ASSIGNMENT: Only the tail of the listing is wanted: the line containing "- Dip the bread" and all after it, repeated exactly, pictures omitted.

SUPPLIED DATA:

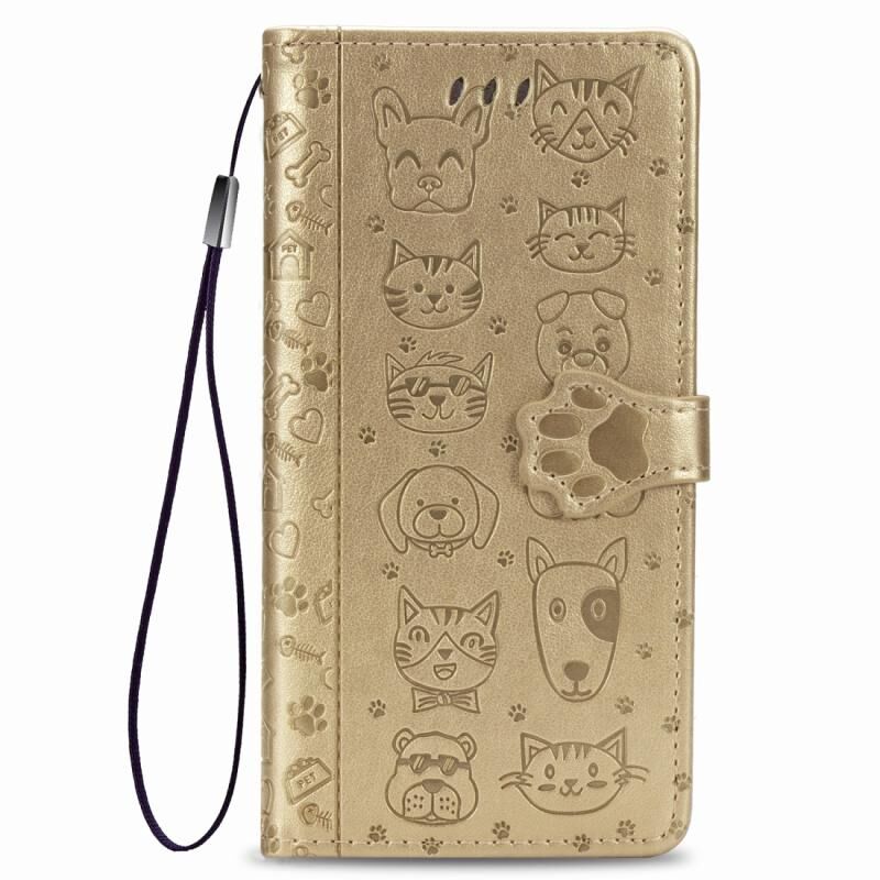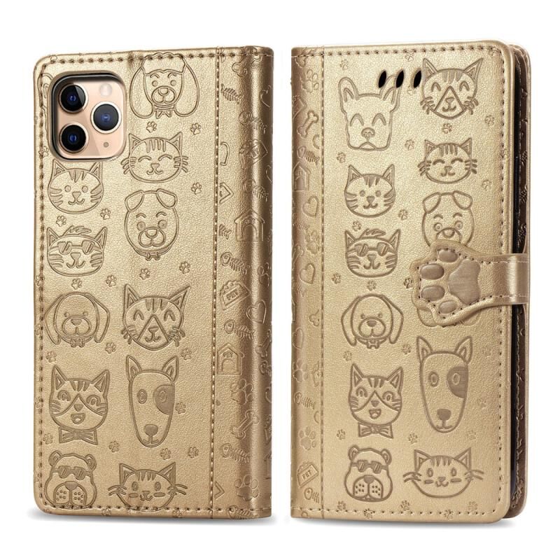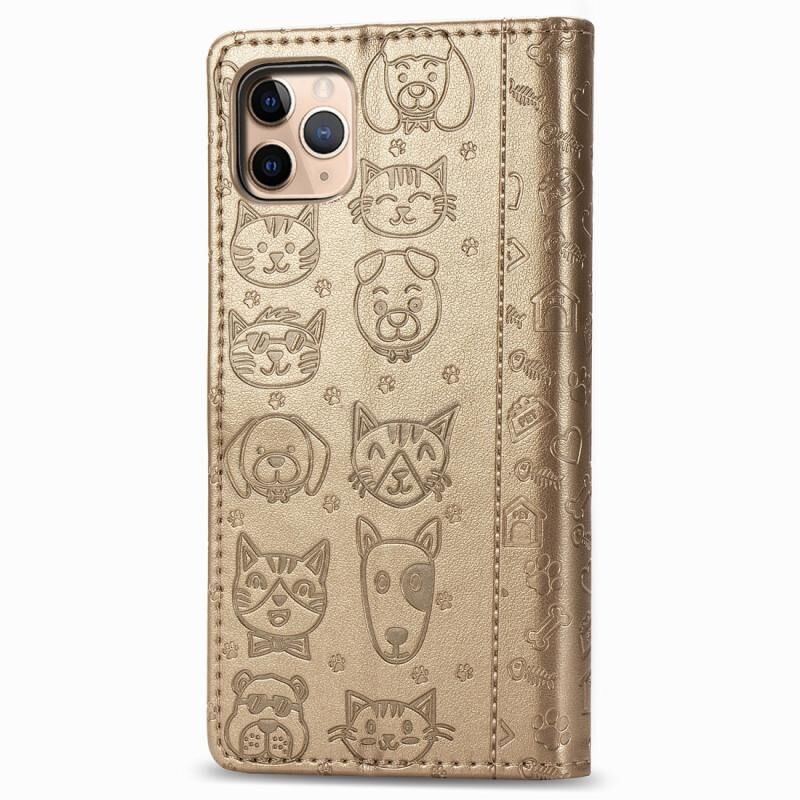 Θήκη για iPhone 11 Pro Max, χαριτωμένη με ανάγλυφα σχέδια γάτας και σκύλου, οριζόντια, από δερματίνη PU με βάση / υποδοχή κάρτας / πορτοφόλι / κορδόνι (Χρυσό Ρόδι)
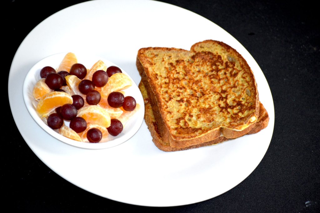 - Dip the bread into the mixture and toast both sides till golden brown. Serve toast with your choice of fruits. Enjoy!
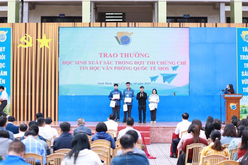 Thầy giáo Bùi Thái Học – Phó Bí thư Đảng ủy, Phó Hiệu trưởng nhà trường trao thưởng 3 học sinh đạt điểm số cao nhất 1000/1000 trong kì thi chứng chỉ MOS.

WRITTEN RESPONSE:
 - Dip the bread into the mixture and toast both sides till golden brown. Serve toast with your choice of fruits. Enjoy!
 Thầy giáo Bùi Thái Học – Phó Bí thư Đảng ủy, Phó Hiệu trưởng nhà trường trao thưởng 3 học sinh đạt điểm số cao nhất 1000/1000 trong kì thi chứng chỉ MOS.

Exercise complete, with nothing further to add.